* _Exercise aim_: Please reproduce the entries below exactly, omitting any images they contain.

(Records excerpted from a collection)
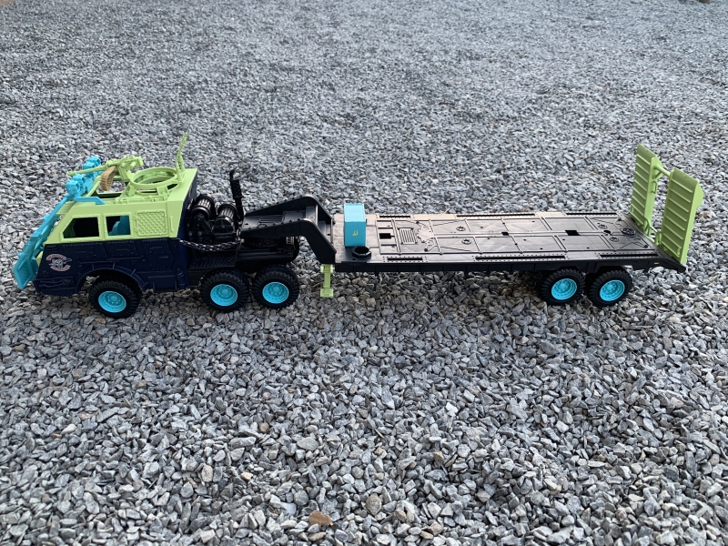 After the success of the Dreadnok Battle and Tow Rigs, Zartan requested a semi tractor trailer to be commissioned. The Ground Assault color scheme was chosen to support the Ground Assault 4x4's on the battlefield. The Ground Transport is ideal for hauling everything from supplies, motorcycles, vehicles, damaged vehicles and tons of grape soda. Cold Slither now even have a mobile stage to perform on!
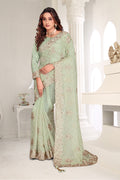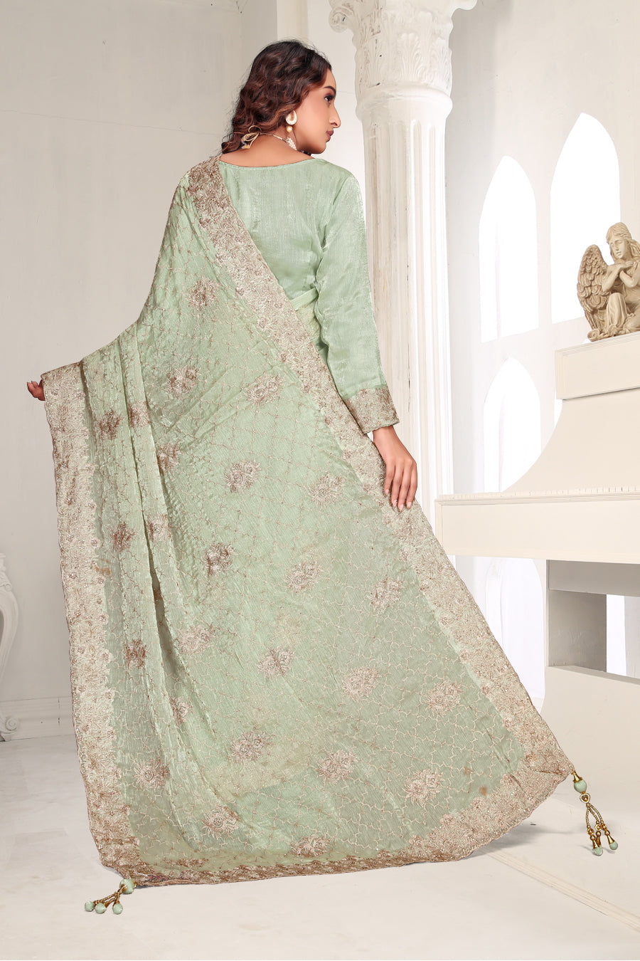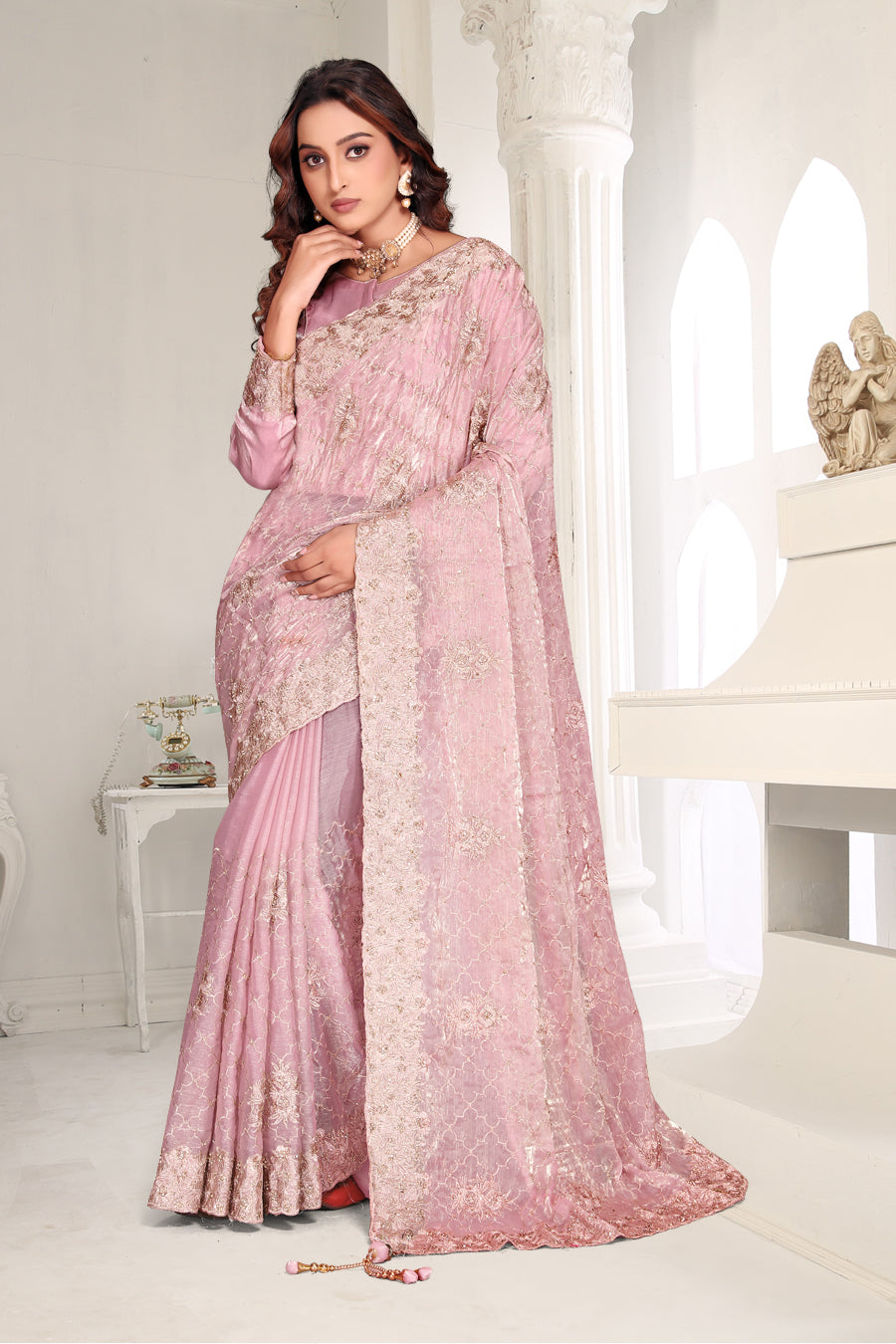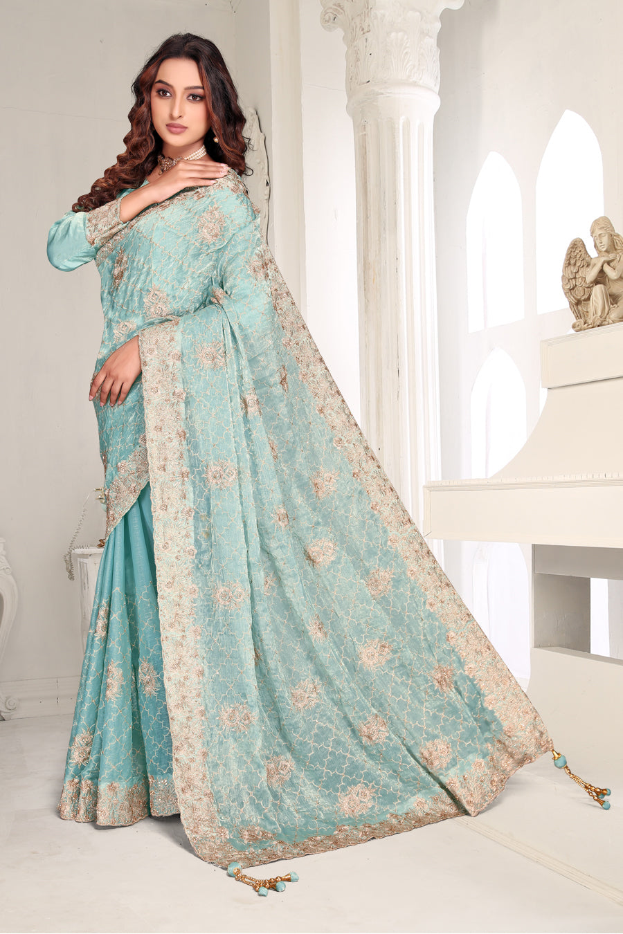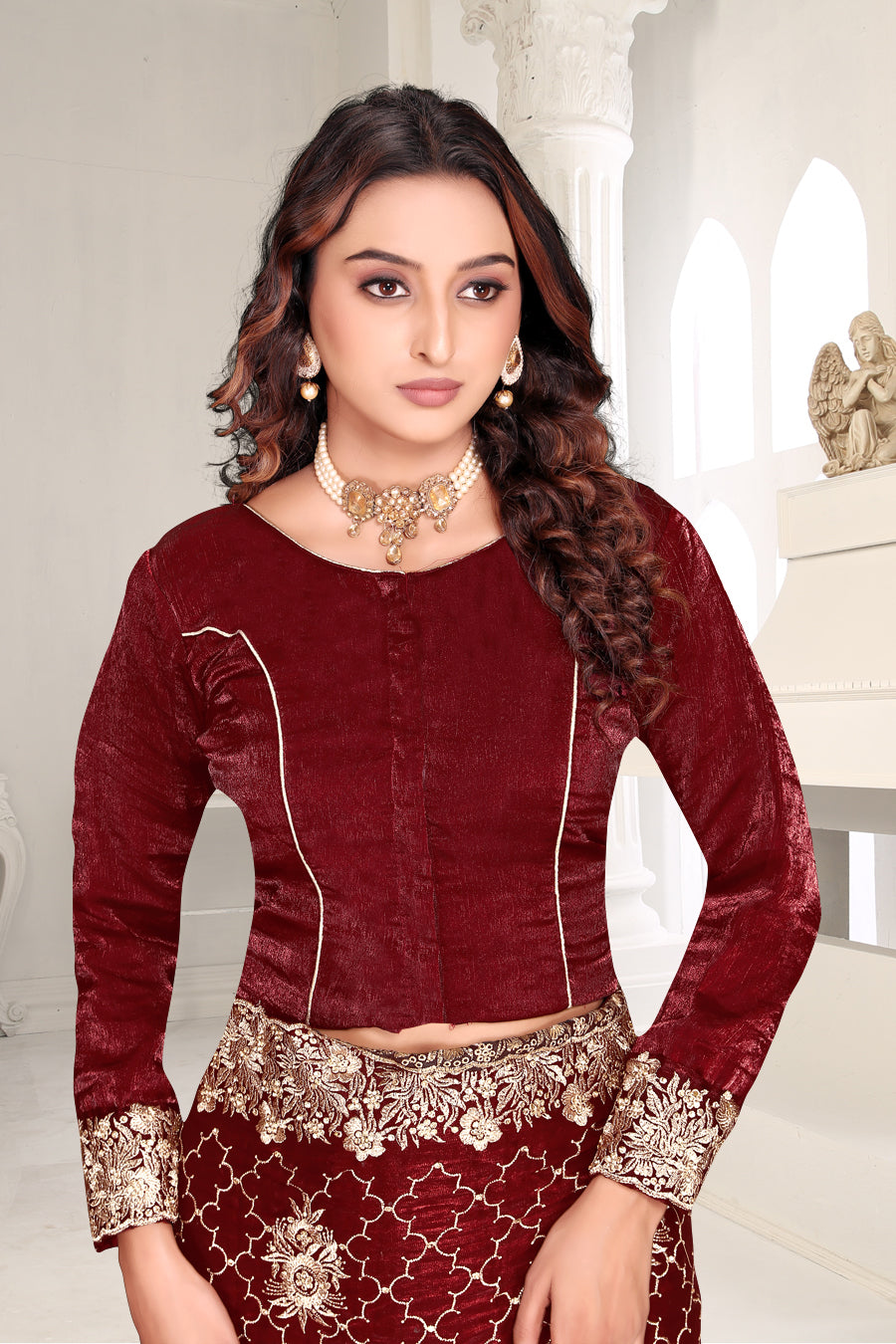 Grace Wrapped in Gold. The Ultimate Festive Statement." Radiate regal elegance with this stunning masterpiece from the Fabeha Prêt Collection. Crafted from high-quality Premium Fandy Chiffon, this saree offers a lightweight yet luxurious drape that flows effortlessly with every step. The fabric is transformed into a work of art with heavy Golden Zari work and intricate floral embroidery, creating a majestic glow perfect for weddings and celebrations. We’ve finished the look with an exquisite embroidered border and delicate, stylish tassels that add a refined, elegant sway to the pallu. This is affordable luxury defined—giving you the grand "Royal Wedding" look on a comfortable, wearable fabric. The Perfect Fit: Couture-Style Adjustable BlouseExperience the confidence of a custom fit with our ready-to-wear Princess Cut blouse. Engineered to hug your curves with a convenient front opening, it marries comfort with absolute glamour.
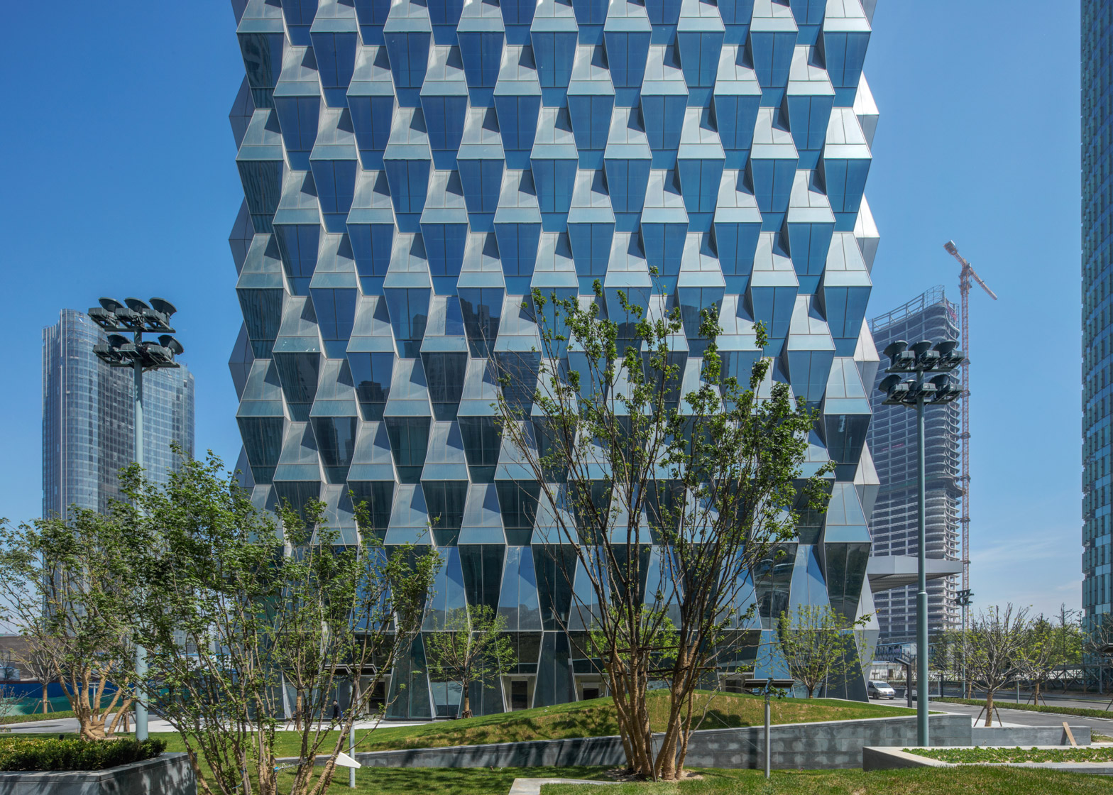 Skidmore, Owings & Merrill tarafından tasarlanan Beijing Greenland Center, cephesi kabartma oyma tekniğinden esinlenilerek tasarlandı.
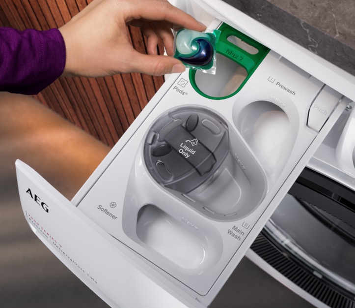- Legen Sie die Waschmittel Pods/Caps in das Fach für Pods/Caps der UniversalDose Waschmittelschublade.
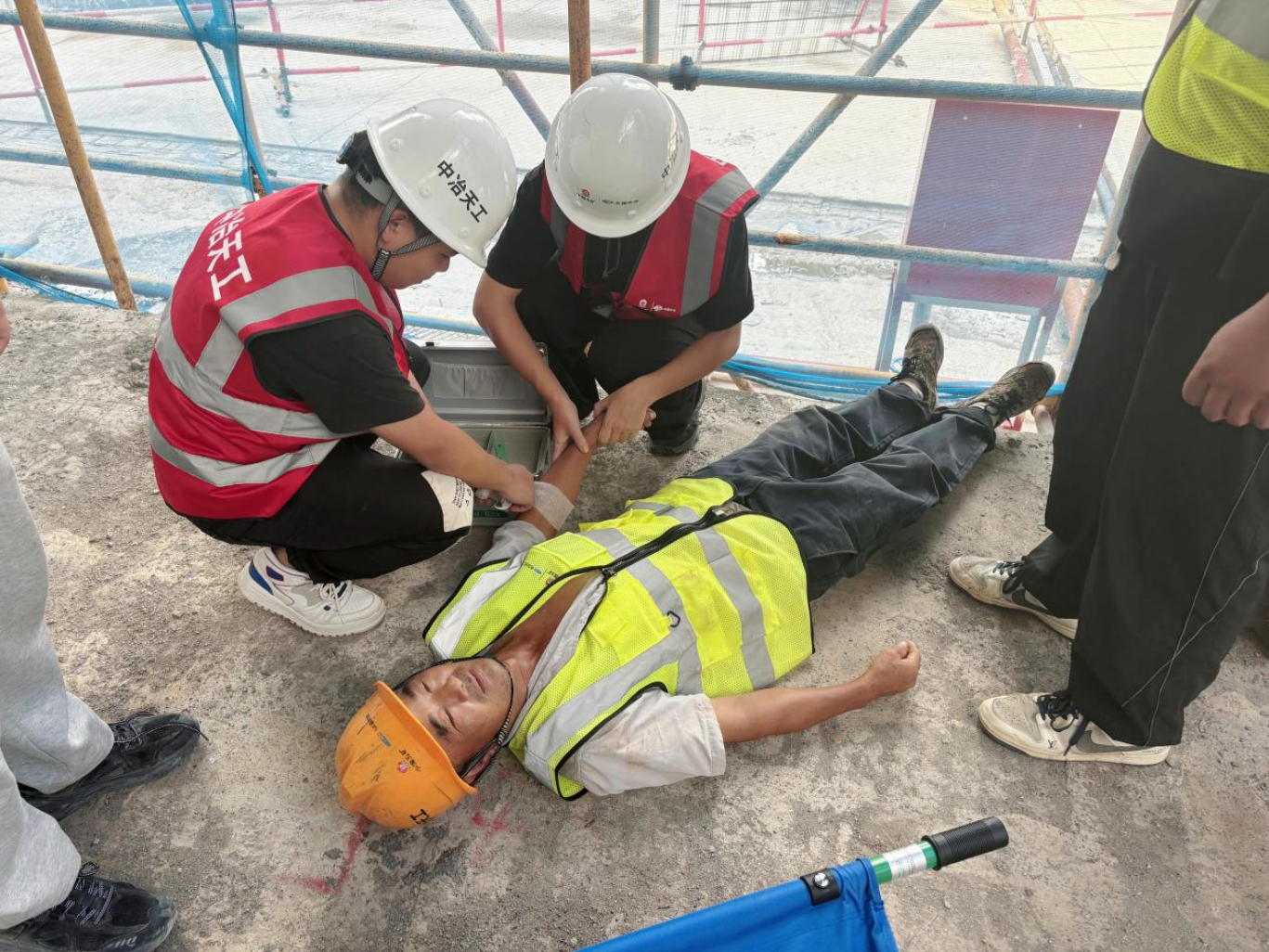 五福嘉園(一)(二)工程項目組織開展高處墜落事故應(yīng)急演練,模擬演練外架班組在二層增設(shè)連墻件時,不慎摔落,現(xiàn)場專職安全員第一時間向應(yīng)急救援領(lǐng)導(dǎo)小組組長報告,并迅速啟動應(yīng)急救援預(yù)案。各組接到命令后齊奔事故現(xiàn)場,安全警戒組拉起了警戒線,通訊聯(lián)絡(luò)組負(fù)責(zé)傳達(dá)現(xiàn)場指揮指令,物資保障組迅速調(diào)配救援資源,醫(yī)療救護(hù)組進(jìn)行了簡單的醫(yī)療檢查,演示了骨折固定及傷口包扎方法,事故調(diào)查組拍照取證,各組各司其職,演練現(xiàn)場秩序井然,本次演練圓滿完成。
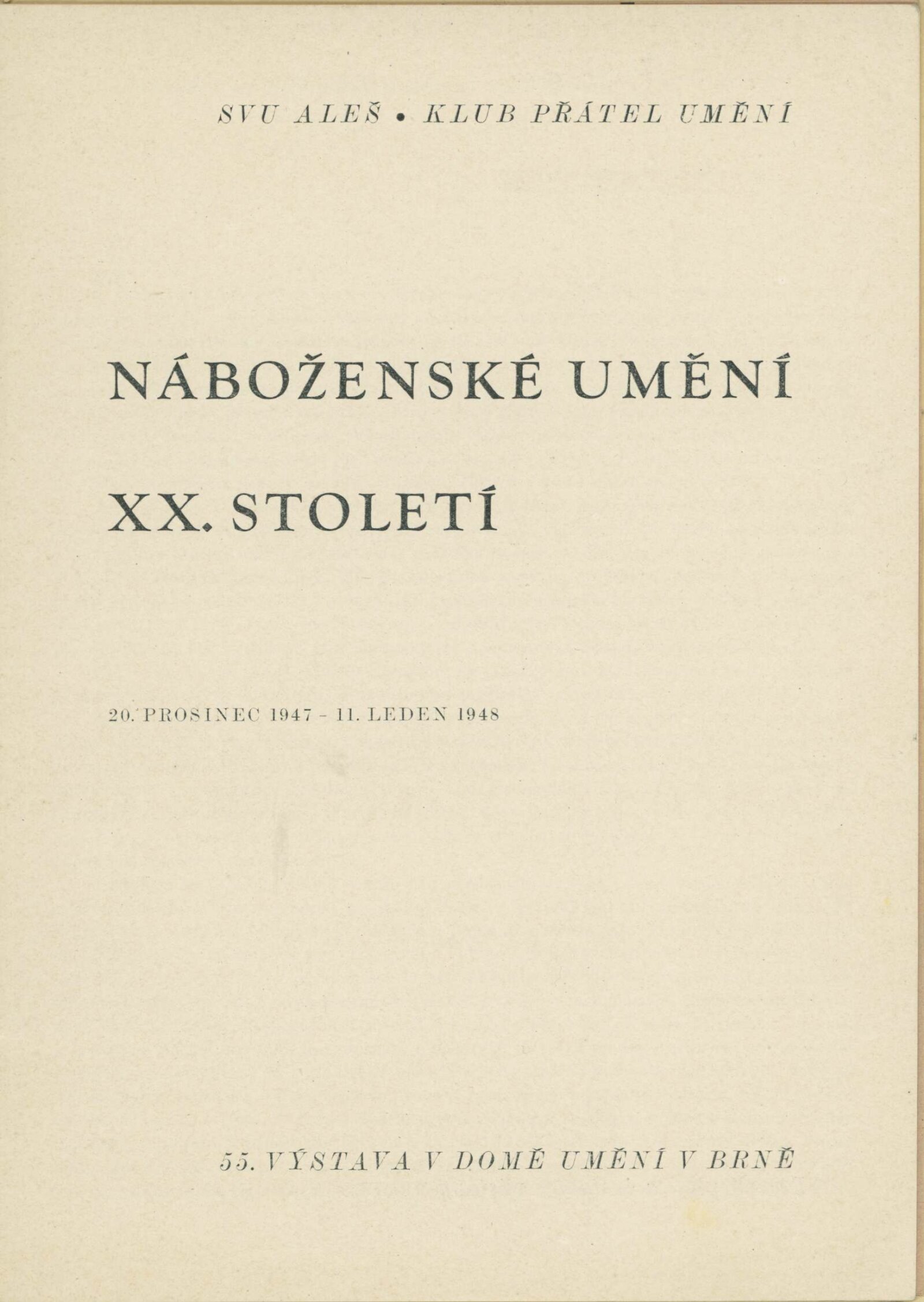 Náboženské umění XX. století. 55. výstava: Dům umění v Brně, 20. 12. 1947 – 11. 1. 1948 / Text: Jan Dokulil. – Brno: SVU Aleš, 1947. – 10 s., DU 56. – MZK; MG; AMB; MMB
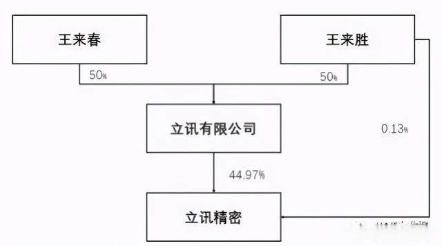 公开资料显示,立讯有限由王来胜和妹妹王来春共同持有,各自持股50%。王氏兄妹是立讯精密的实际控制人。
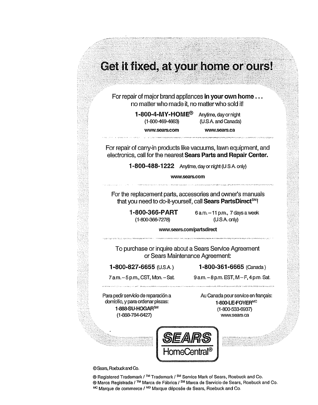 (9 Registered Trademark I_MTrademark /sMService Mark of Sears, Roebuck and Coo
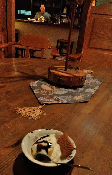 バスの時間までバス停近くの建設中の共同浴場の横のレストランで
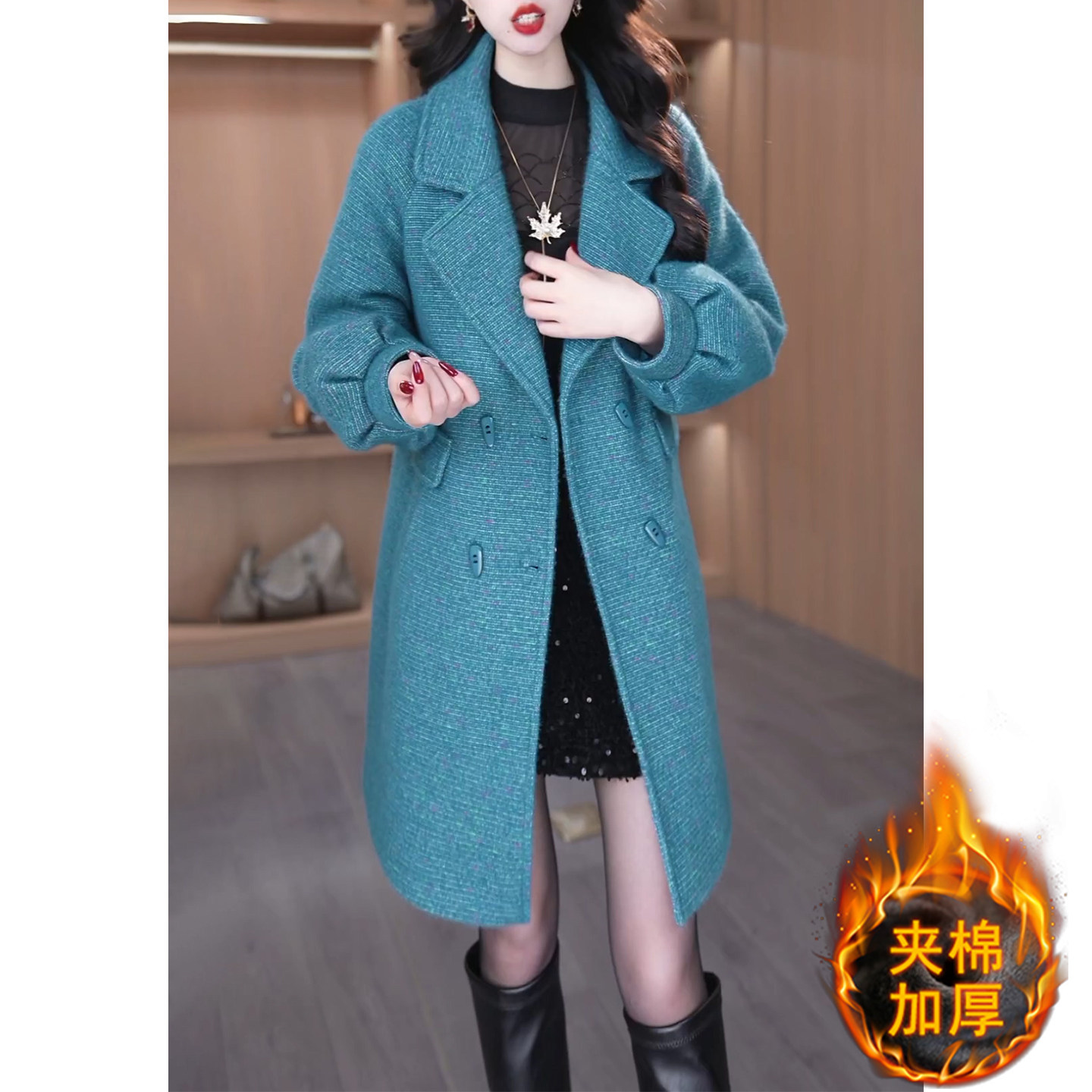 - 夹棉加厚毛呢大衣女

* _Task result_:
 After the success of the Dreadnok Battle and Tow Rigs, Zartan requested a semi tractor trailer to be commissioned. The Ground Assault color scheme was chosen to support the Ground Assault 4x4's on the battlefield. The Ground Transport is ideal for hauling everything from supplies, motorcycles, vehicles, damaged vehicles and tons of grape soda. Cold Slither now even have a mobile stage to perform on!
 Grace Wrapped in Gold. The Ultimate Festive Statement." Radiate regal elegance with this stunning masterpiece from the Fabeha Prêt Collection. Crafted from high-quality Premium Fandy Chiffon, this saree offers a lightweight yet luxurious drape that flows effortlessly with every step. The fabric is transformed into a work of art with heavy Golden Zari work and intricate floral embroidery, creating a majestic glow perfect for weddings and celebrations. We’ve finished the look with an exquisite embroidered border and delicate, stylish tassels that add a refined, elegant sway to the pallu. This is affordable luxury defined—giving you the grand "Royal Wedding" look on a comfortable, wearable fabric. The Perfect Fit: Couture-Style Adjustable BlouseExperience the confidence of a custom fit with our ready-to-wear Princess Cut blouse. Engineered to hug your curves with a convenient front opening, it marries comfort with absolute glamour.
 Skidmore, Owings & Merrill tarafından tasarlanan Beijing Greenland Center, cephesi kabartma oyma tekniğinden esinlenilerek tasarlandı.
- Legen Sie die Waschmittel Pods/Caps in das Fach für Pods/Caps der UniversalDose Waschmittelschublade.
 五福嘉園(一)(二)工程項目組織開展高處墜落事故應(yīng)急演練,模擬演練外架班組在二層增設(shè)連墻件時,不慎摔落,現(xiàn)場專職安全員第一時間向應(yīng)急救援領(lǐng)導(dǎo)小組組長報告,并迅速啟動應(yīng)急救援預(yù)案。各組接到命令后齊奔事故現(xiàn)場,安全警戒組拉起了警戒線,通訊聯(lián)絡(luò)組負(fù)責(zé)傳達(dá)現(xiàn)場指揮指令,物資保障組迅速調(diào)配救援資源,醫(yī)療救護(hù)組進(jìn)行了簡單的醫(yī)療檢查,演示了骨折固定及傷口包扎方法,事故調(diào)查組拍照取證,各組各司其職,演練現(xiàn)場秩序井然,本次演練圓滿完成。
 Náboženské umění XX. století. 55. výstava: Dům umění v Brně, 20. 12. 1947 – 11. 1. 1948 / Text: Jan Dokulil. – Brno: SVU Aleš, 1947. – 10 s., DU 56. – MZK; MG; AMB; MMB
 公开资料显示,立讯有限由王来胜和妹妹王来春共同持有,各自持股50%。王氏兄妹是立讯精密的实际控制人。
 (9 Registered Trademark I_MTrademark /sMService Mark of Sears, Roebuck and Coo
 バスの時間までバス停近くの建設中の共同浴場の横のレストランで
 - 夹棉加厚毛呢大衣女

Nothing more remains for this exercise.